Listed records:
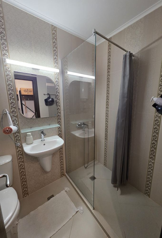 The complex offers numerous extras and amenities, including a gated area ensuring peace and tranquility; two buildings with a large swimming pool in between; a sauna and steam bath that complement the relaxation options; and parking spaces provided along the buildings.
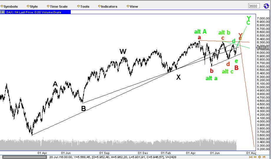 Weiß jetzt nicht genau, wann ich es geschrieben hatte hier. Anfang dieser Woche oder schon letzte Woche. Und auch gestern hatte ich ja auf Nachfrage von Katjuscha meine Sichtweise nochmals dargestellt. Ab Mitte Juli sollte eine Abwärtsbewegung starten, zumindest eine etwas größere Korrektur. Im Laufe des August ist dann ein Hoch zu erwarten. Es kann ein tieferes Hoch sein, falls es vorher schon ordentlich bröselt, aber auch ein neues Jahreshoch im Dax. Beides ist drin. Entscheidend: so oder so sollte der "große Short" erst im Laufe des August kommen. Denn selbst wenn es nur ein tieferes Hoch wird, dann dürfte der Großteil der Abwärtsbewegung trotzdem erst vor uns liegen bis in den Oktober hinein. So hatte ich es jetzt zwei mal erklärt.
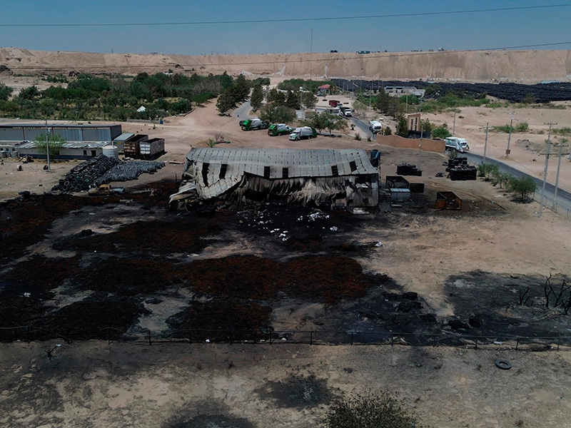 Personal de la Secretaría de Desarrollo Urbano y Ecología del Estado (Sedue), intervino el Relleno Sanitario Municipal (RSM), después del incendio de 10 mil llantas y varias toneladas de caucho en la planta trituradora GUMA Reciclaje y Diseño, que se quemaron a escasos 700 metros del confinamiento de neumáticos de desecho.
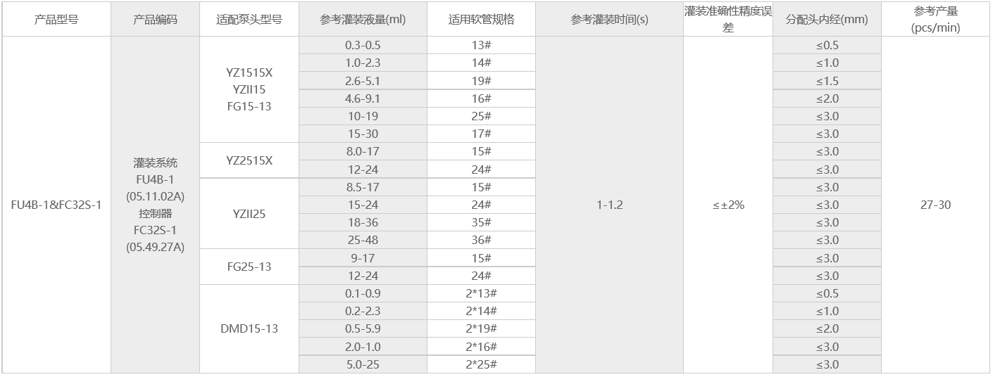 通道數(shù)量 | 4(單組灌裝系統(tǒng)FU4B-1)~32(8組灌裝系統(tǒng)FU4B-1) |
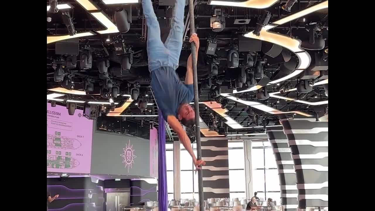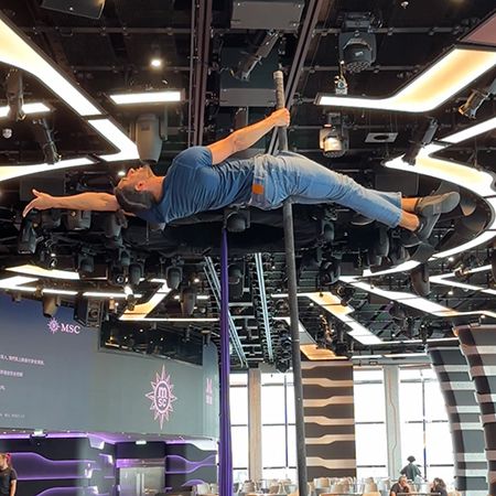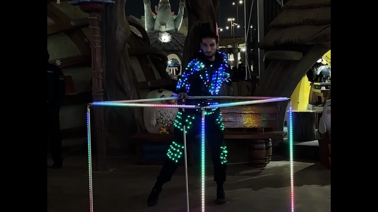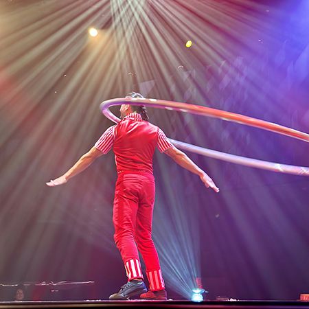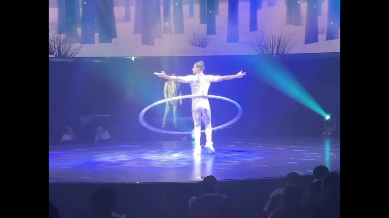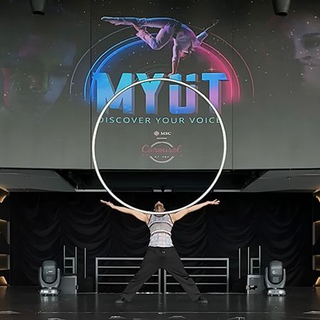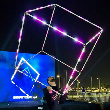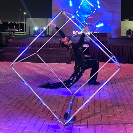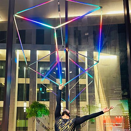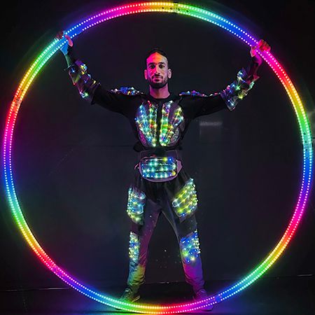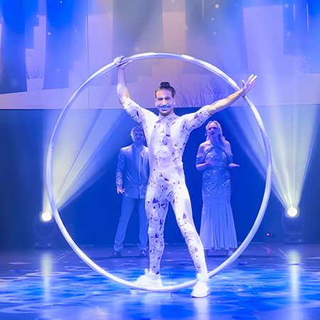 Fluent in English and French, this male circus performer offers LED cube juggling, acrobatics, cyr wheel, Chinese pole, and solo or duo acrobatics

What is needed: Images in the records must not be repeated; everything else should be returned exactly.

Response:
 The complex offers numerous extras and amenities, including a gated area ensuring peace and tranquility; two buildings with a large swimming pool in between; a sauna and steam bath that complement the relaxation options; and parking spaces provided along the buildings.
 Weiß jetzt nicht genau, wann ich es geschrieben hatte hier. Anfang dieser Woche oder schon letzte Woche. Und auch gestern hatte ich ja auf Nachfrage von Katjuscha meine Sichtweise nochmals dargestellt. Ab Mitte Juli sollte eine Abwärtsbewegung starten, zumindest eine etwas größere Korrektur. Im Laufe des August ist dann ein Hoch zu erwarten. Es kann ein tieferes Hoch sein, falls es vorher schon ordentlich bröselt, aber auch ein neues Jahreshoch im Dax. Beides ist drin. Entscheidend: so oder so sollte der "große Short" erst im Laufe des August kommen. Denn selbst wenn es nur ein tieferes Hoch wird, dann dürfte der Großteil der Abwärtsbewegung trotzdem erst vor uns liegen bis in den Oktober hinein. So hatte ich es jetzt zwei mal erklärt.
 Personal de la Secretaría de Desarrollo Urbano y Ecología del Estado (Sedue), intervino el Relleno Sanitario Municipal (RSM), después del incendio de 10 mil llantas y varias toneladas de caucho en la planta trituradora GUMA Reciclaje y Diseño, que se quemaron a escasos 700 metros del confinamiento de neumáticos de desecho.
 通道數(shù)量 | 4(單組灌裝系統(tǒng)FU4B-1)~32(8組灌裝系統(tǒng)FU4B-1) |
 Fluent in English and French, this male circus performer offers LED cube juggling, acrobatics, cyr wheel, Chinese pole, and solo or duo acrobatics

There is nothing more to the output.